Silver strikes a balanced tone throughout but he explicitly expresses a “fealty” to the integrity of forecasting as forecasting. He thinks that forecasters should report the numbers and not shade their work in one direction or another according to factors external to the forecasting. That’s because he is interested in finding the “signal” in messy and complex data, where the “signal” refers to the “truth.” This is an admirable objective, of course, but there are many times where the “signal” to be found in data is not simply about “truth.” In other words, forecasters do more than just forecast, they serve as political advocates, entertainers, reasons for rationalization and means of avoiding accountability, among other roles.
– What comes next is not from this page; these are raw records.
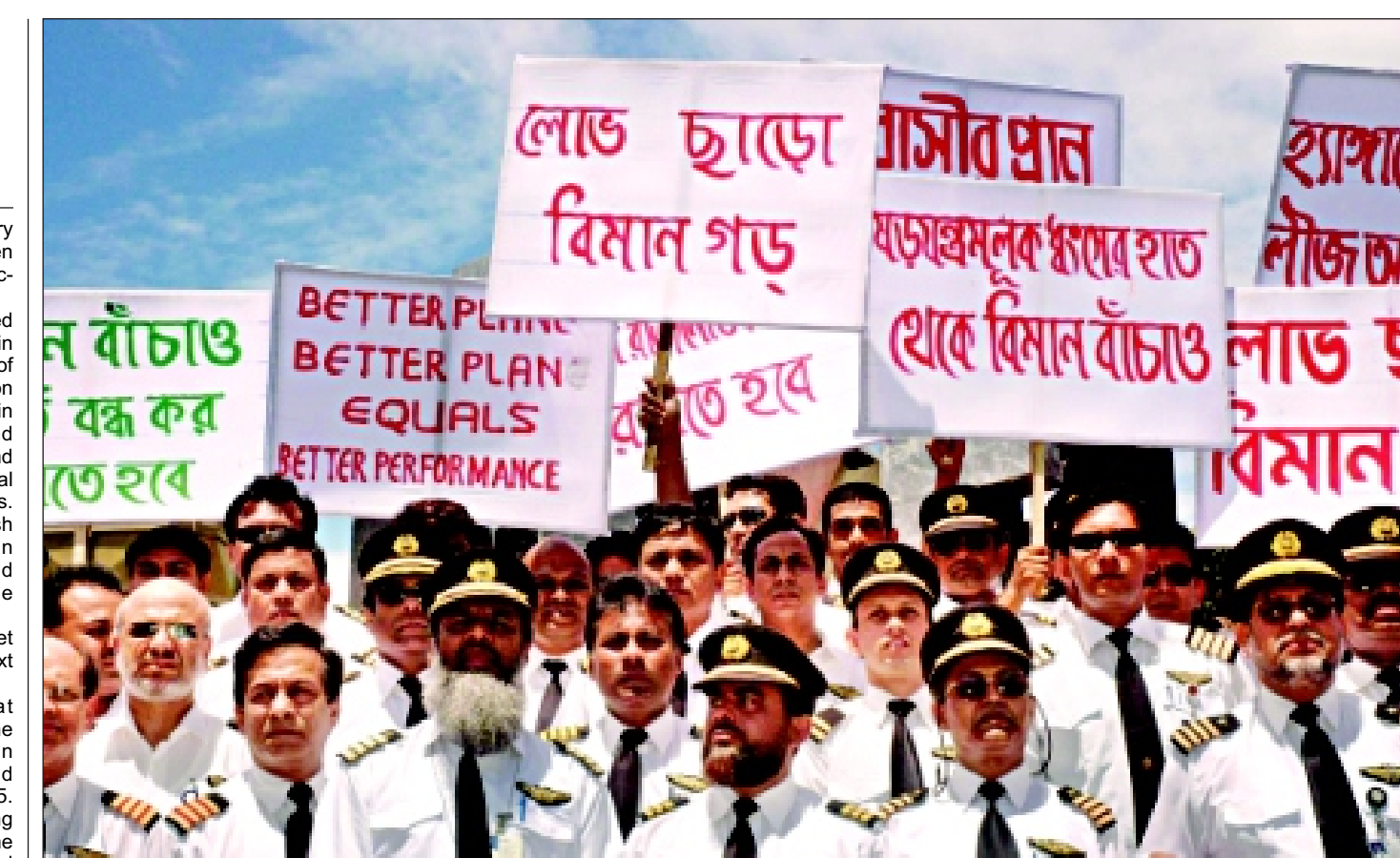
Bangladesh Airline Pilots Association stages a demonstration in front of Biman headquarters yesterday, demanding immediate measures to make the airline
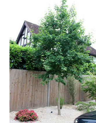
Acer campestre 'Elegant'
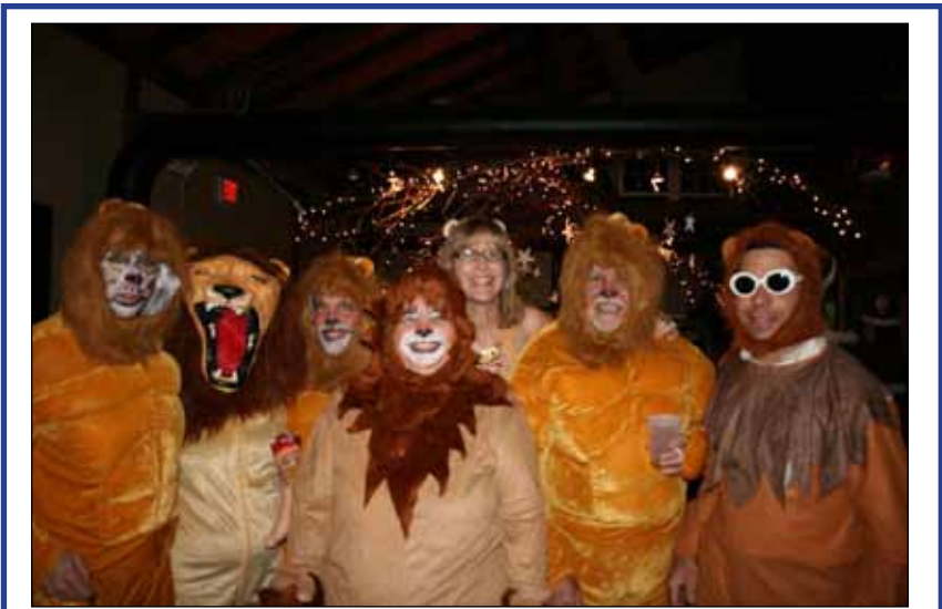
Members of the Kennett Lions Club Morning Branch at the Fright Feast Event. The event raised over $10,000 for Camp Dreamcatcher and Canine Partners for Life
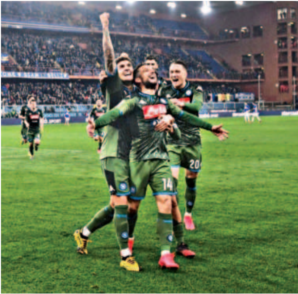
Dries Mertens is mobbed by his teammates following his late goal, which saw the Partenopei notch a 4-2 win over Sampdoria in their Serie A fixture in Genoa on Monday.

Atletico Madrid's injury crisis has deepened with Kieran Trippier set to miss up to a month after undergoing groin surgery on Tuesday. The English defender had missed three league games with a groin strain, which did not heal while he was resting. "Our right-back had been feeling pain and initially followed a conservative treatment," said Atletico in a statement. Reports in Spain say the defender will be out for around a month. Atletico are already without Alvaro Morata, Joao Felix, Diego Costa, Koke, Jose Gimenez and Santiago Arias, while Felipe is suspended for Saturday's clash with Granada.
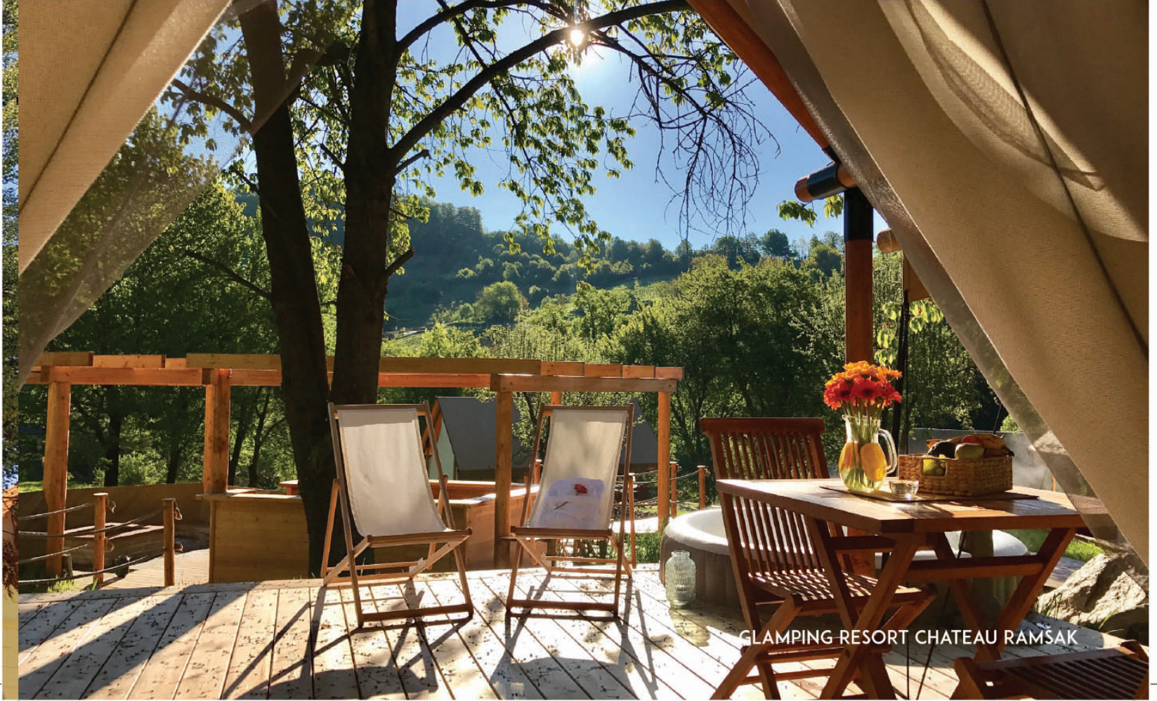
GLAMPING RESORT CHATEAU RAMŠAK
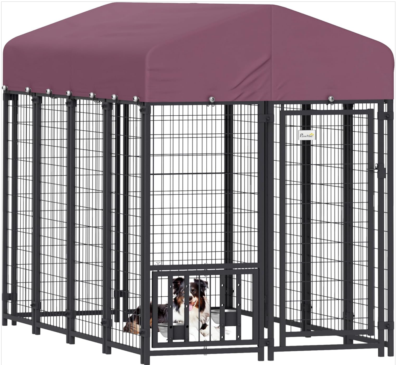
Image: The complete PawHut Outdoor Dog Kennel, showcasing its welded wire construction, red waterproof cover, and integrated feeding station.
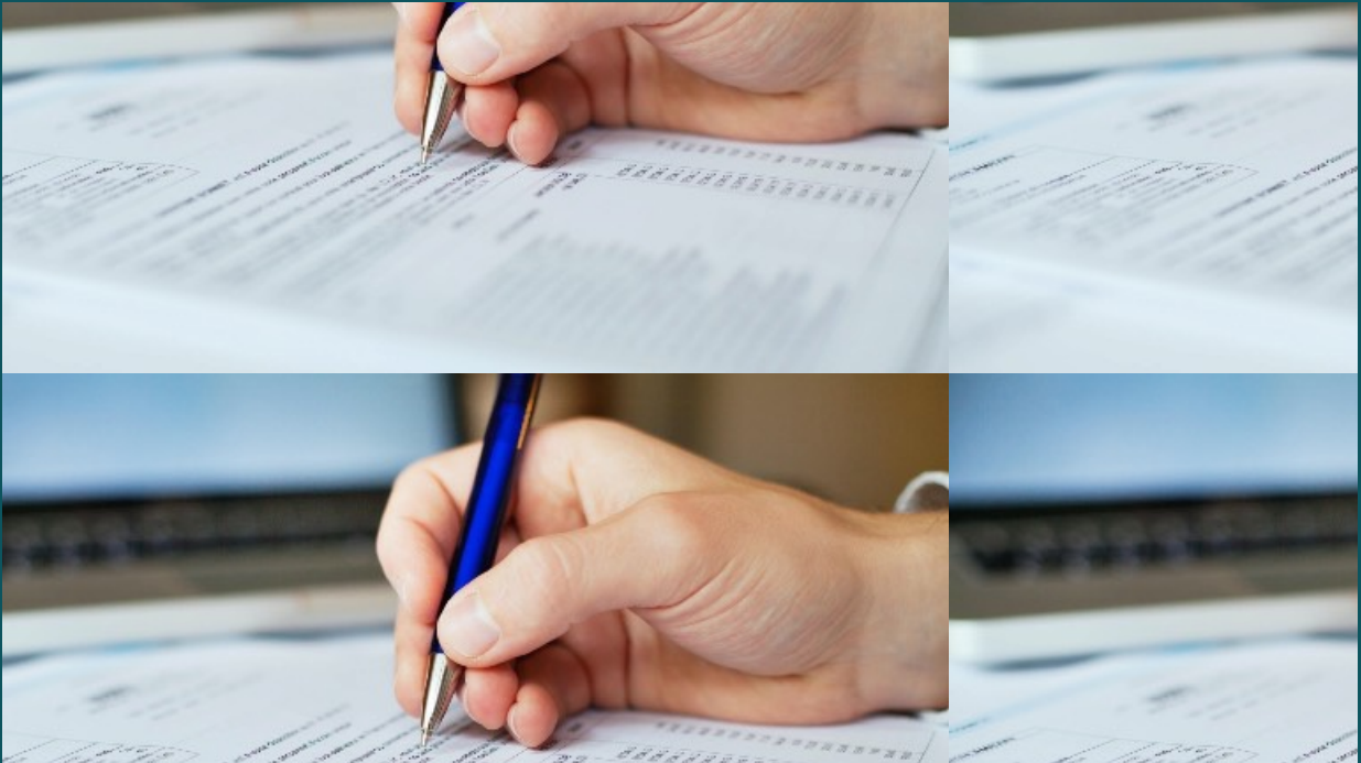
State Tax Deadlines Extended MARCH 30, 2020
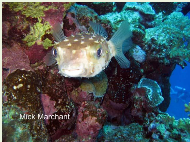
A porcupine puffer fish

A selection of pictures of the trip. As will be seen in the credits, not all the pictures were taken by me. Where someone else got a better photo than mine I have with the authors permission, included the best shot.
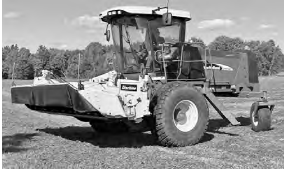
'08 NH HW345 discbine, 15' cut, 1800 hrs., in great shape, $51,500 or best offer. (810) 656-1946
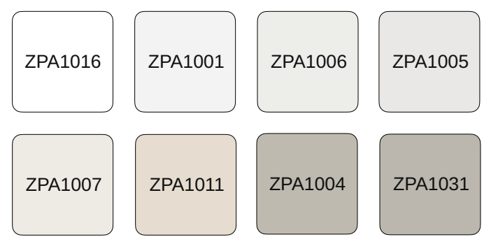
Illustration only. Contact us to request a sample. Color matching and additional colors available from our extensive color library.
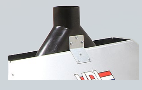
Feed distribution set for 180 L hoppers, to optimize the feed distribution in the hopper.
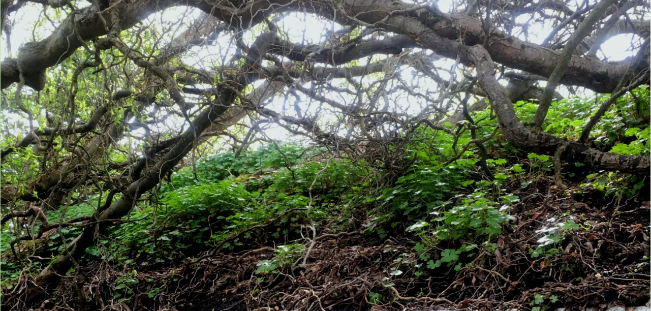
Roof Top Shiny Geranium 2016 Class B Noxious Weed
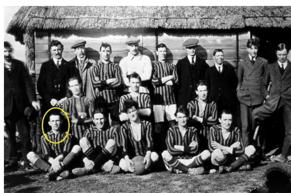
Oakridge Football Team 1900's
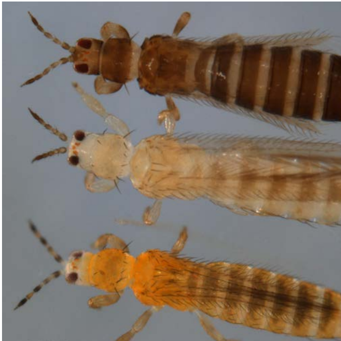
Figure 4. Thrips are small, only about one-sixteenth of an inch long, but western flower thrips (bottom specimen) vector tomato spotted wilt virus.

This pest is susceptible to contact sprays of pyrethrins, but make two applications at 7-day intervals. Spinosad is not specifically labeled for psyllids, but it is labeled for tomatoes and has given high levels of control of tomato psyllids in some trials.
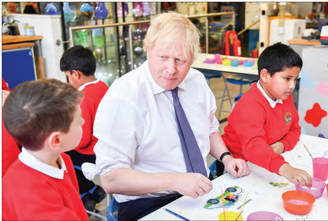
(FILES) Britain's Prime Minister Boris Johnson (C) participates in a workshop with children from the Richard Avenue Primary School prior to chairing a cabinet meeting at the National Glass Centre at the University of Sunderland, in Sunderland, northeast England on January 31, 2020.

However, Halfon's bid to force a government statement on the issue in parliament Monday failed after House of Commons Speaker Lindsay Hoyle opted
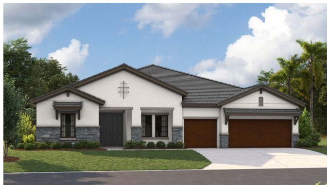
Tuscan A | TUS7
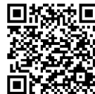
Fieldbus communications web page

For more information on ABB fieldbus options and protocols, see the fieldbus communications web page ( new.abb.com/drives/connectivity/fieldbus-connectivity ).
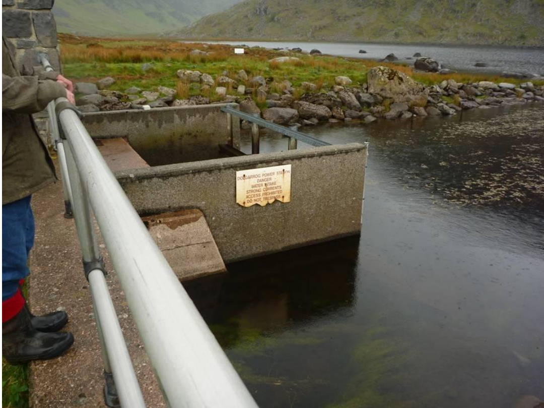
Figure 2: Draw-off point for transferring water and associated hydro-electricity generation

The first feature inspected was the draw-off outlet for hydro-electric generation at SH 72108 64900 (Fig. 2). Since the failure (and subsequent additional dismantling) of the dam, these sluice gates now exert the principle control on the level of water in the lake. Whilst the original damming would have artificially raised water levels, it is locally-believed that the current operation of the sluices impacts on the ecology of the lake. The protocol for the transfer of water imposes a heavily-regulated pattern of water level and, consequently, littoral (shore-line) wetting and drying regime.
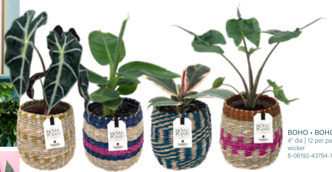
BOHO • BOHO104 4" dia | 12 per pack wicker 8-06192-43794-1
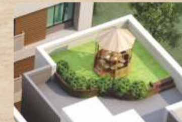
Terrace Garden Sit-out with Gazebo
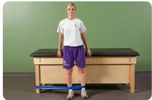
Theraband resistance on affected side – Abduction (start very low resistance)
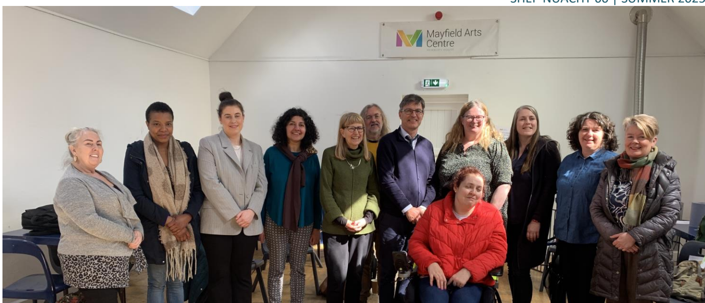
Some of the participants at a recent Cork Community Health Network meeting – held at Newbury House. The CCHN is a network supported by SHEP, Let's Grow Together, NICHE and Newbury House.
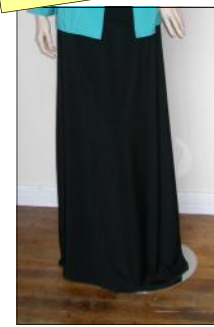
X101 Elastic waist 'A' line skirt
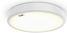
Essential Surface RTP
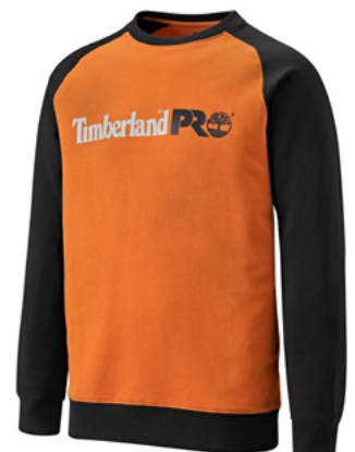
TB0 A23BA-OR BURNT ORANGE
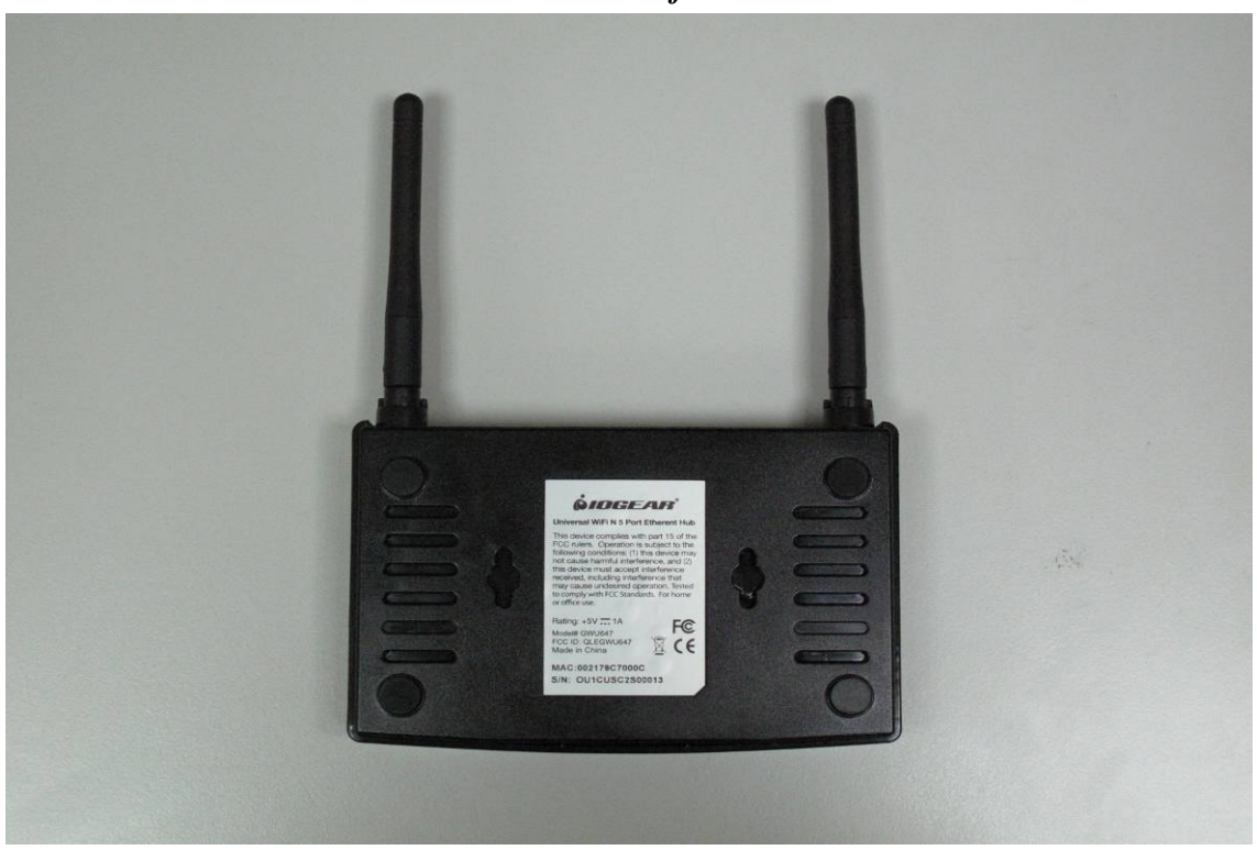
Side View of EUT - 1
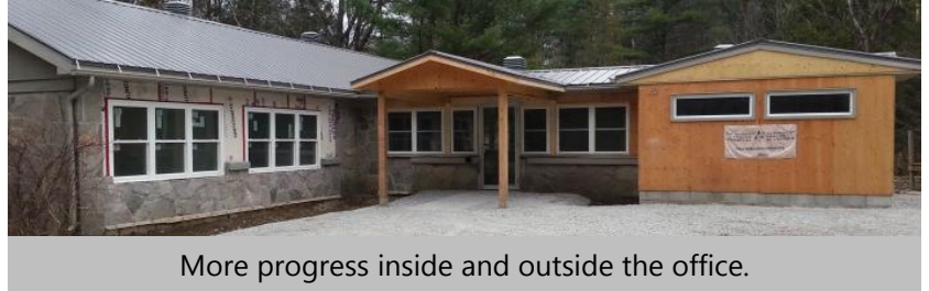
More progress inside and outside the office.
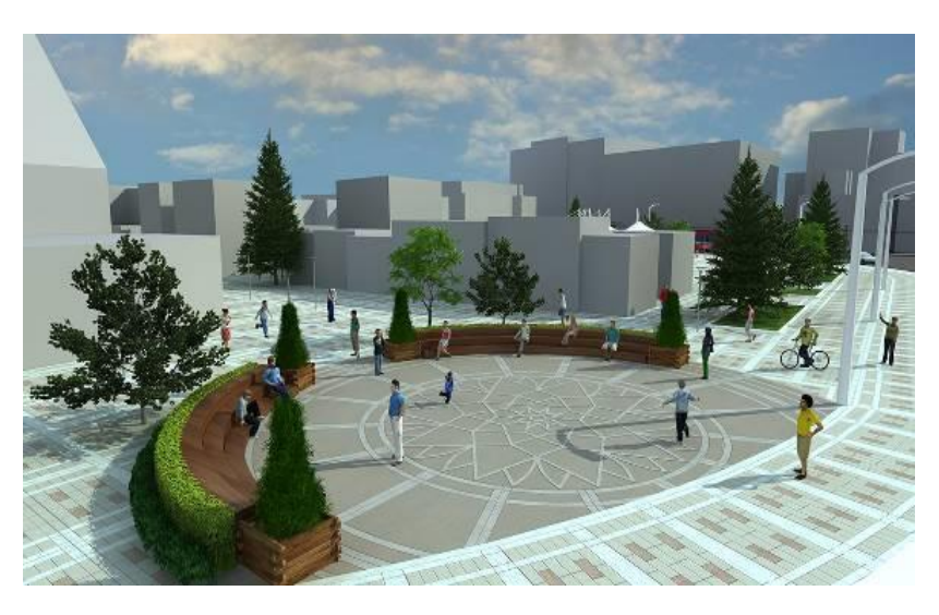
Figure 13. New Seating Elements Offered in the Design (Author) Mevlana Türbeönü Square.
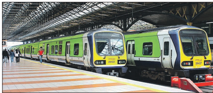
DART+ West, is set to treble capacity of the rail system from Maynooth/M3 Parkway to Dublin city centre.

It is art of a major plan for new electrified Dart services to Drogheda on the Northern line, to Celbridge on the Kil-
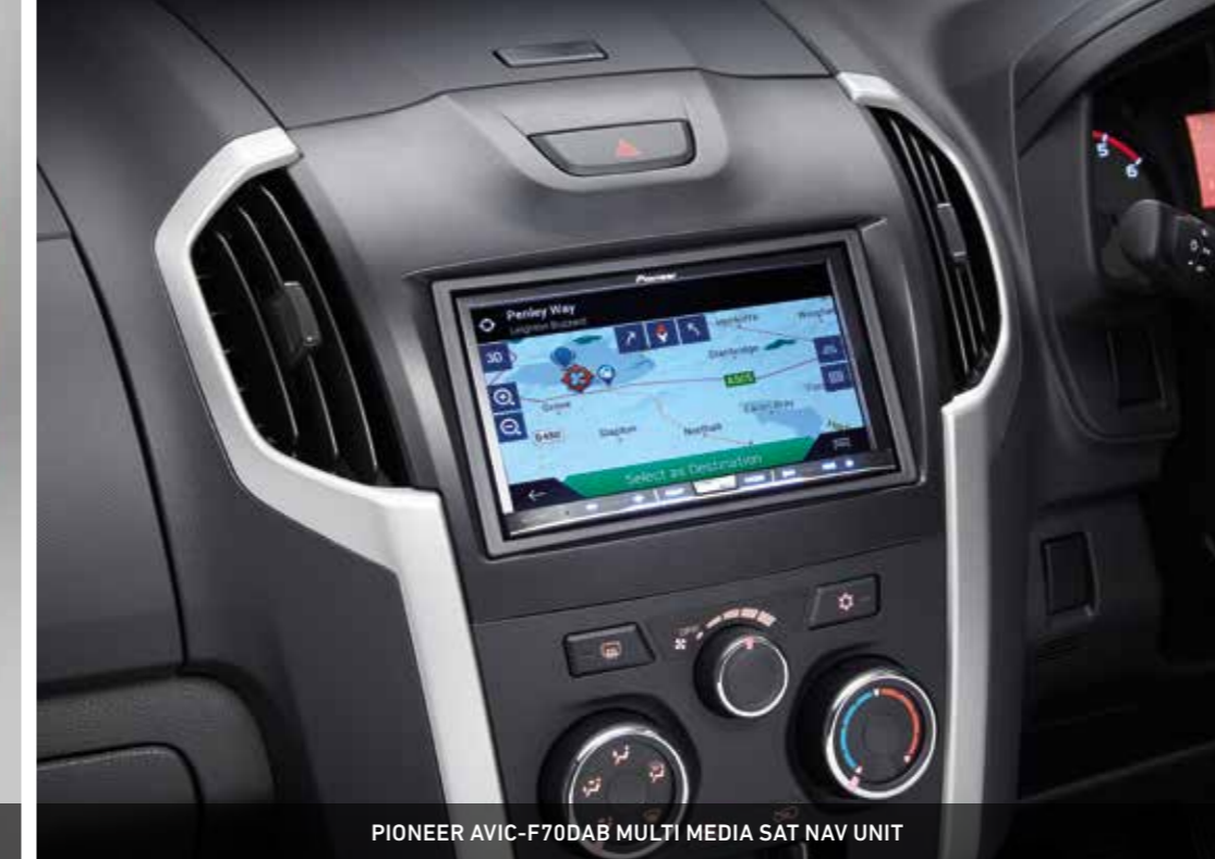
PIONEER AVIC-F70DAB MULTI MEDIA SAT NAV UNIT

For instance, Silver explains that The Weather Channel introduces a bias into its forecasts such that low probabilities of rain are routinely increased, explaining, “If it rains when it isn’t supposed to, they curse the weatherman for ruining their picnic, whereas an unexpectedly sunny day is taken as a serendipitous bonus.” Silver critiques this as “not good science” but doesn’t really follow through on the implications – The Weather Channel is providing not just science, but entertainment and even an opportunity for satisfaction, a fact readily acknowledged by The Weather Channel executive interviewed by Silver. Of course, Silver is absolutely correct that good decision making depends upon resolving the signal from the noise, but sometimes, what constitutes the signal is not science alone. That is where prediction gets complicated in ways numbers cannot begin to describe.

Consider as well the lawsuit that was brought against government scientists and officials in L’Aquila, Italy following the devastating 2009 earthquake. Silver calls the trial “ridiculous,” even though the government scientists and officials had no scientific basis for their pronouncements. It turned out that they were engaged in a very public battle with an amateur earthquake forecaster and overstated the amount of certainty in their belief that an earthquake would not be forthcoming – never a good idea in an earthquake-prone region. How the lawsuit turns out will be based on Italian law, but the government officials clearly erred in their statements. As Silver explains, “Politics, broadly defined, can get in the way.”

Probably wisely for an up and coming public intellectual, Silver does not follow through on the various ways that politics actually does get in the way of good forecasts and good decisions. He engages some of these issues in his discussion of the housing bubble but avoids essentially all of them in his discussion of climate change.

I would have liked to see Silver engage more on the issue of prediction evaluation. Though the notion comes up a few times in the book, Silver does not really engage the technical concept of “skill” in forecasting as a quantitative measurement of a prediction’s improvement over a naïve baseline expectation. The phenomena that he is most interested in are perfect subjects for such evaluations. Another issue given less attention than I expected is ignorance or “unknown unknowns.” Silver explains that “in general our predictive errors come in thinking that there is more certainty in the world than there really is” but such Knightian uncertainty isn’t as systematically dealt with as it might have been.

All that said, Silver has written an enjoyable and ambitious book. His fans, me included, have come to expect rigor and detail, and this volume does not disappoint. Silver’s first book has a lot of signal in it – it’s a welcome tonic to the often over-exalted role of prediction in modern society.